En outre, le Règlement d’arbitrage de la C.C.J.A prévoit également cette autonomie de la convention d’arbitrage en son article 10.4 étant donné qu’il dispose que « Sauf stipulation contraire, si l'arbitre considère que la convention d'arbitrage est valable et que le contrat liant les parties est nul ou inexistant, l'arbitre est compétent pour déterminer les droits respectifs des parties et statuer sur leurs demandes et conclusions. » 8

L’autonomie matérielle de la convention d’arbitrage, telle qu’explicitée ci-dessus, implique des conséquences importantes. Ainsi, si le litige des parties porte sur la nullité du contrat principal, il reviendra à l’arbitre de déterminer si le contrat est ou non nul et, le cas échéant, de prononcer cette nullité et statuer sur ses conséquences pour les parties. 9

Il faut toutefois déterminer les limites de l’autonomie entre la convention d’arbitrage et le contrat principal. Effectivement, il n’y a pas que la nullité qui pourrait affecter le contrat principal, il pourrait fait l’objet d’une résiliation ou d’une résolution. 10

A cet égard, la doctrine considère que l’autonomie de la convention d’arbitrage doit porter sur tous les vices que peut contenir le contrat principal. Par conséquent, même un contrat principal résilié ou résolu pourra être tranché par les arbitres.

Néanmoins, il existe quand même une limite à l’autonomie de la convention d’arbitrage, il s’agit de l’intention des parties. Il faut que l’intention des parties, par la convention d’arbitrage, soit de faire trancher tous les litiges par l’arbitre.

En conséquent, si l’intention des parties était de limiter à l’arbitrage certains types de litiges à naître, il faudra en tenir compte.

Par ailleurs, il faut avoir égard à la cause de nullité qui affecte le contrat principal. Ainsi, si le contrat principal est nul eu égard à un vice de consentement, de capacité ou de pouvoir d’une partie, le contrat principal est nul mais la convention d’arbitrage l’est également.

 

  • L’autonomie juridique de la convention d’arbitrage

L’autonomie juridique de la convention d’arbitrage vise les règles qui gouvernent la convention proprement dite. Il ne faut pas confondre cette autonomie juridique avec l’autonomie matérielle qui consiste à envisager la convention d’arbitrage eu égard au contrat qui la contient. 11

L’Acte uniforme prévoit en son article 4 le principe de l’autonomie juridique étant donné qu’il dispose que la convention d’arbitrage : « est appréciée d'après la commune volonté des parties, sans référence nécessaire à un droit étatique. »

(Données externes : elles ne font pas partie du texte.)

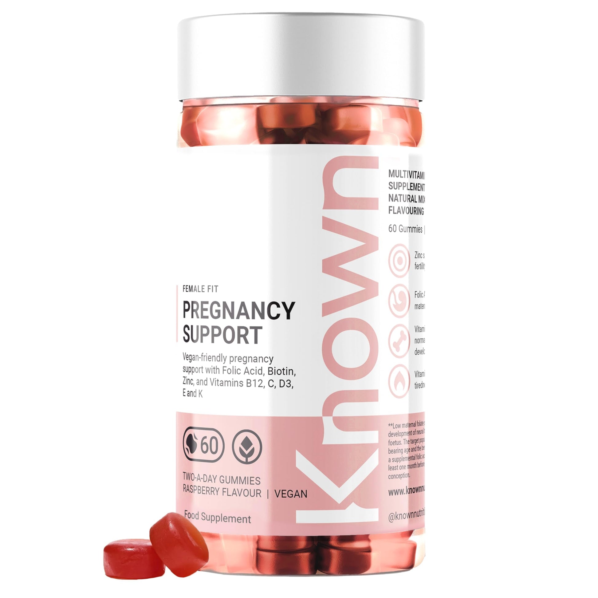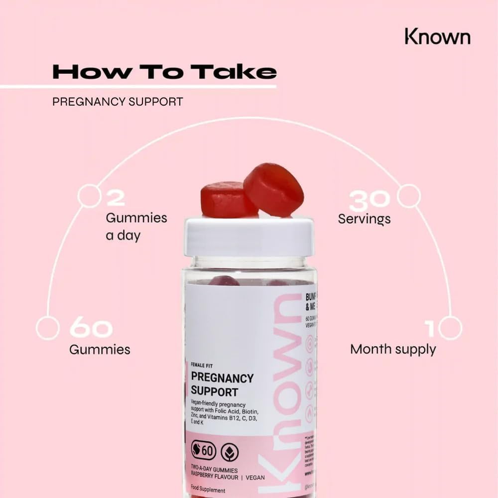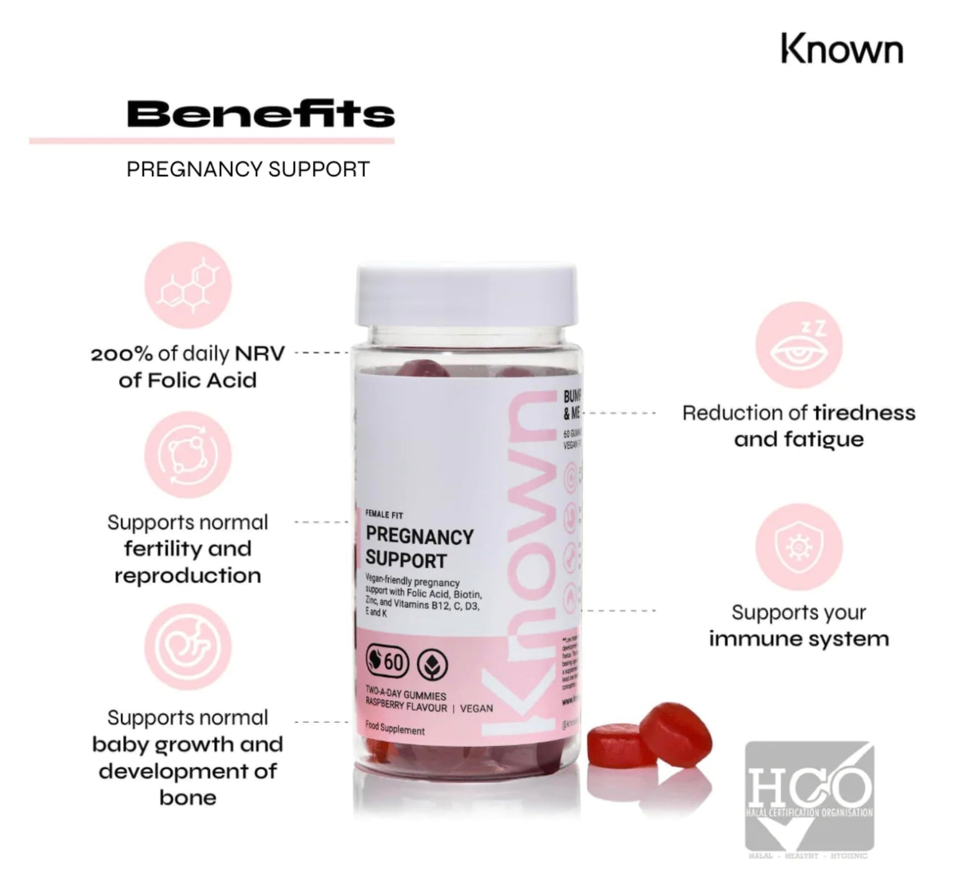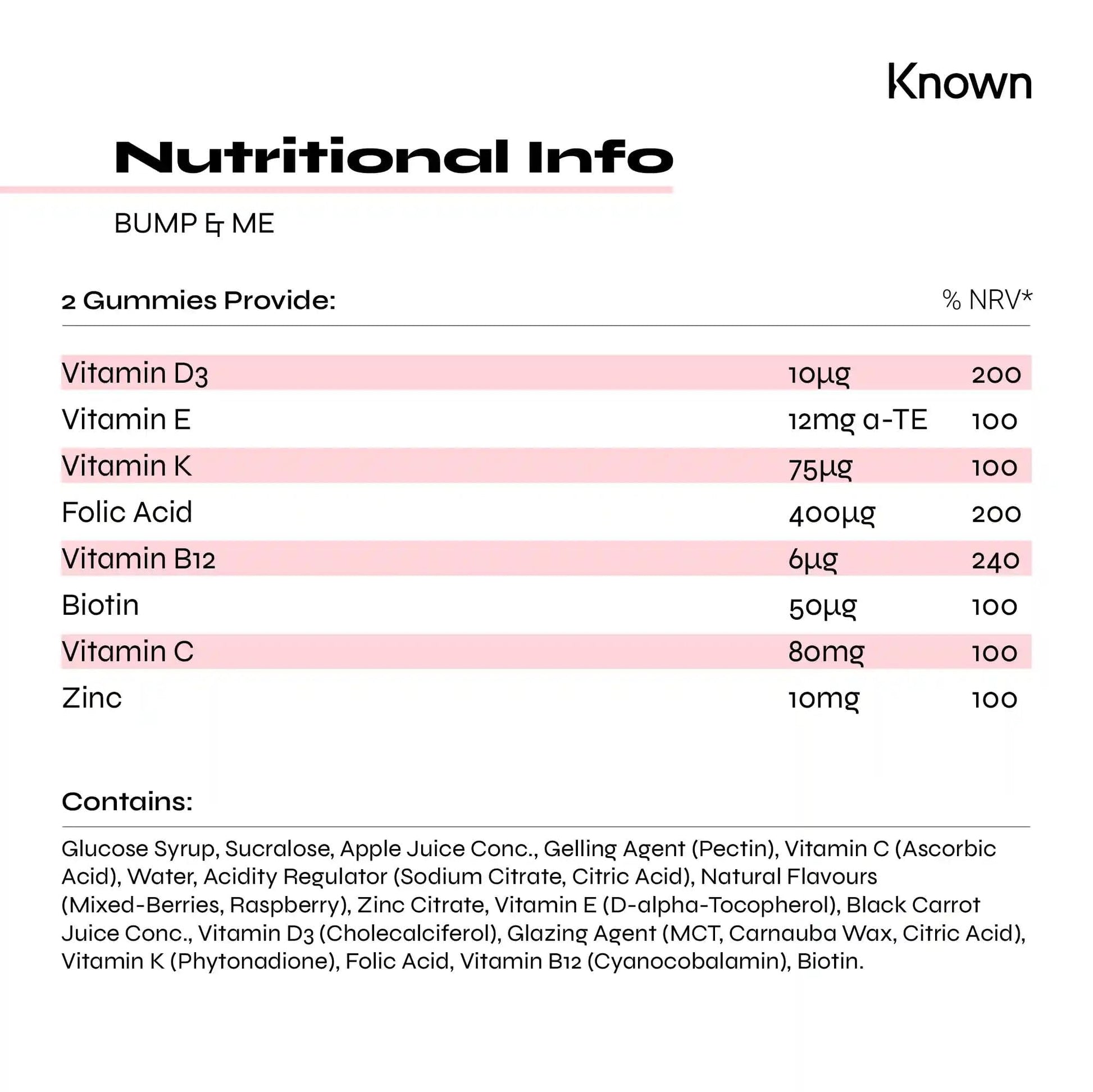 Expertly formulated to support you whilst you’re trying for a baby right through to your prenatal and postnatal term. Containing a unique blend of 8 essential pregnancy vitamins and minerals, each ingredient has been handpicked for its proven ability to support the increase of maternal folate status and help normal immune function. All whilst helping to tiredness and lethargy throughout pregnancy and your prenatal stage of pregnancy. Each tub contains 60 gummies. Suitable for vegans. Each ingredient has been scientifically proven to help: - Baby’s Growth - Fights Tiredness - Immune System -S upport Fertility -Healthy Bones - Absorbs Iron. If you’re trying for a little one, the UK department of health recommends taking 400mcg of folic acid from conception right up to 12 weeks of pregnancy. We’ve harnessed that exact amount and packed it into our Bump and Me Vitamin Gummies for women, meaning you get everything you need to look after both you and bump in those crucial stages of early life in the postnatal term. Gorgeously sweet tasting and packed with everything you need to support both you and baby, these pregnancy vitamin gummies are the perfect supplement to support you throughout your journey to becoming a mum. How to use: Take two a day. Ingredients: Glucose Syrup, Sucrose, Concentrated Apple Juice, Water, Gelling Agent (Pectin), Vitamin C, Acidity Regulators (Citric Acid, Sodium Citrate, Lactic Acid), Zinc Citrate, Natural Flavourings, Vitamin E, Colour (Anthocyanins), Vitamin B12, Vegetable Oils (Canola, Coconut), Vitamin K1, Folic Acid, Glazing Agent (Carnauba Wax), Vitamin D3, Biotin. Doesn’t Contain: Soy Dairy Gluten Artificial colours and flavours PreservativesMore Info

Ainsi, cet article permet aux parties de soustraire la convention d’arbitrage à un droit national spécifique pour la soumettre au principe de l’autonomie de la volonté.

Autrement dit, les règles portant sur la validité de la volonté des parties, la validité de la convention d’arbitrage, etc. ne seront pas spécialement les lois nationales mais peuvent être le droit d’un autre Etat. 12 Il se pourrait donc que la convention d’arbitrage soit régie par une loi différente de celle applicable au contrat principal. 13

A cet égard, il est utile de préciser qu’en droit OHADA, aucun instrument interne ne prévoit que des lois différentes puissent s’appliquer à la convention d’arbitrage et au contrat principal. Par conséquent, ce n’est que dans les conventions d’arbitrage de droit international privé que cette hypothèse pourrait se rencontrer. 14

______________

6. Article 4 de l’Acte uniforme relatif au droit de l’arbitrage.

7. CCJA, arrêt n° 41 du 10 juin 2010, Le Juris-Ohada, n° 4/2011, p. 35 (réf. OHADATA J-11-85) et CCJA, arrêt n° 020/2008 du 24 avril 2008, Actualités juridiques, n° 63, p. 147 (réf. OHADATA J-09-300).

8. Voyez l’article 10.4 du Règlement d’arbitrage de la C.C.J.A.

9. P. MEYER, OHADA – Droit de l’arbitrage, Bruxelles, Bruylant, 2002, pp. 79 et suivantes.

10. G. DAL et F. TCHEKEMIAN., « Le droit OHADA de l’arbitrage », DAOR, 2014, liv. 110, 165 et suivantes.

11. P. MEYER, OHADA – Droit de l’arbitrage, Bruxelles, Bruylant, 2002, pp. 86 et suivantes.

12. Ph. FOUCHARD, E. GAILLARD et B. GOLDMAN, Traité de l’arbitrage commercial international, Paris, Litec, 1996, p. 227.

13. G. DAL et F. TCHEKEMIAN., « Le droit OHADA de l’arbitrage », DAOR, 2014, liv. 110, 166.

14. P. MAYER, les limites de la séparabilité de la clause compromissoire, Rev. Arb., 1998, p. 367.